She Deserved Better…

Breonna Taylor, alive and beautiful

No you won’t be name’n no buildings after me

To go down dilapidated, no

No you won’t be name’n no buildings after me

My name will be misstated, surely…

Erykah Badu, “AD 2000”

I had a comic review planned for this week..been planning it for the past few weeks. I had an outline, a few cool things to say, a hook. I had this thought that I could just push through, you know? Business as usual.

Then I had this…itch in the back of my mind that said, on the last night of her life Breonna Taylor probably went to bed the same way I did last night: thinking about tomorrow. She probably washed her face, wrapped her hair up, and fell asleep to the sound of petty bickering on some reality show, or maybe a rerun of Girlfriends. Maybe she had just got done gossiping on the phone with her girlfriend…maybe she went to bed annoyed with her boo, knowing that all would be forgiven in the morning. Either way, tomorrow would come, and though it might have been a mundane repeat of its predecessor, it would have been extraordinary because it was another day to simply be Breonna Taylor.
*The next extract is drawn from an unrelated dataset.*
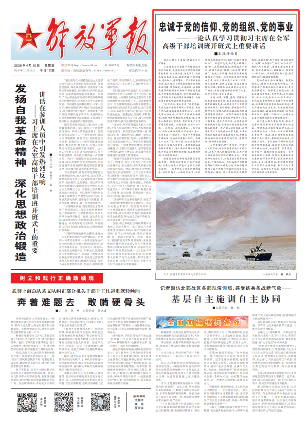 习主席在全军高级干部培训班开班式上指出,我党我军是用理想信念凝聚起来的,加入这个党、这支军队,就要笃信马克思主义,就要忠诚于党的信仰、党的组织、党的事业。习主席的重要讲话,深刻阐述了对党忠诚的方向性根本性问题,思想深邃、立意深远,必将极大感召和激励军队各级干部特别是高级干部坚定理想信念、铸牢政治忠诚,以实际行动立起领导干部好样子,为奋进强军打赢作出新的更大贡献。

There is so much tragedy to be found in this story, but the one that rings truest for me is we’ve allowed ourselves to turn Breonna into a hashtag…a symbol. We’ve robbed her of her humanity, and that’s the saddest thing for me. We were so busy putting her on t-shirts, and murals, and picket signs, that we forgot the woman she was. I can’t help but see my little cousin when I look at her. I see my wife. I see my homegirl from high school, the barista at my local cafe, the lady in front of me at the post office. But that’s the problem with symbols…eventually they become too easy to ignore, or worse, forget why they were important in the first place.
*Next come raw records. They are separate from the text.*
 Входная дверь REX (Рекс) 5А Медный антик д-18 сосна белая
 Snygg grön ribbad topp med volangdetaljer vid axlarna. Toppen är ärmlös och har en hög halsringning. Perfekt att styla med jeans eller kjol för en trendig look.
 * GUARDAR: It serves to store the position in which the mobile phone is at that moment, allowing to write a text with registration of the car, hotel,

A basketball court with a mural of Breonna Taylor

So when I sat down to write my comic review, and I thought about Breonna, and George Floyd, and Nigeria, and on, and on, it just hit me how staggeringly difficult it can be to be a Black creative in a world that consistently looks to snuff that creativity out. This very day, I felt heavy and my mind was clouded. I started doomscrolling through social media, and came across this video of Black boys dancing. I couldn’t help but smile and feel lifted. It’s jarring, this juxtaposition of joy and sorrow that seems to be the default for what it means to be Black. I mean think about the whiplash of waking up and wondering what new ways the world will end and still finding ways to dance, and sing, and joke and laugh in the face of a world that mines our pain for entertainment.

The blues is an impulse to keep the painful details and episodes of a brutal experience alive in one’s aching consciousness, to finger its jagged grain, and to transcend it, not by the consolation of philosophy but by squeezing from it a near-tragic, near-comic lyricism.
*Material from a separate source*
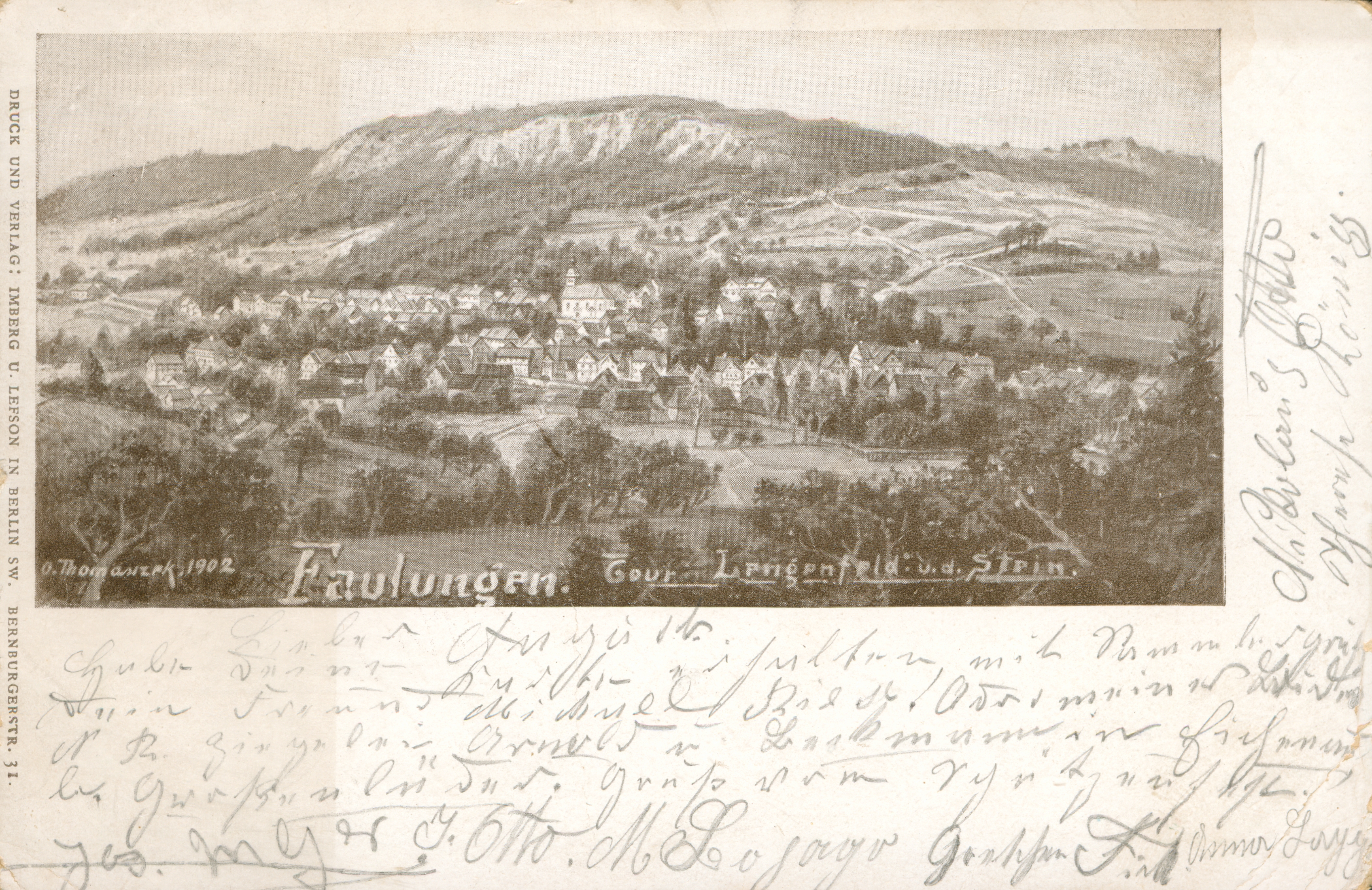 Ort Faulungen Beschreibung Künstler: Otto Thomasczek Sammlung: Oliver KrebsStandort: Gemeindearchiv Lengenfeld unterm Stein Motive Panorama Format klein Jahr 1902 Verlag Imberg u. Lefson, Berlin Bestell- oder Individualnummer - Tags Lengenfeld unterm Stein

Ralph Ellison, “Richard Wright’s Blues”

I think about what Breonna’s creative outlet was. Her mom said baby Breonna used to sing the blues, and that’s so fitting it hurts. But it’s a reminder of the blues in my blood. The reminder of the magic in my DNA. And that’s all the impetus I need to continue, because back to normal isn’t moving on or forgetting when you’re Black. It’s celebrating through sorrow, while continuing to push and fight for better. So yeah, I’ll keep writing, and I’ll keep talking about heroes and villains and art and colors. It’s the least I can do. Because the truth of the matter is, this normal we’re all trying to get back to? Breonna deserved that and more.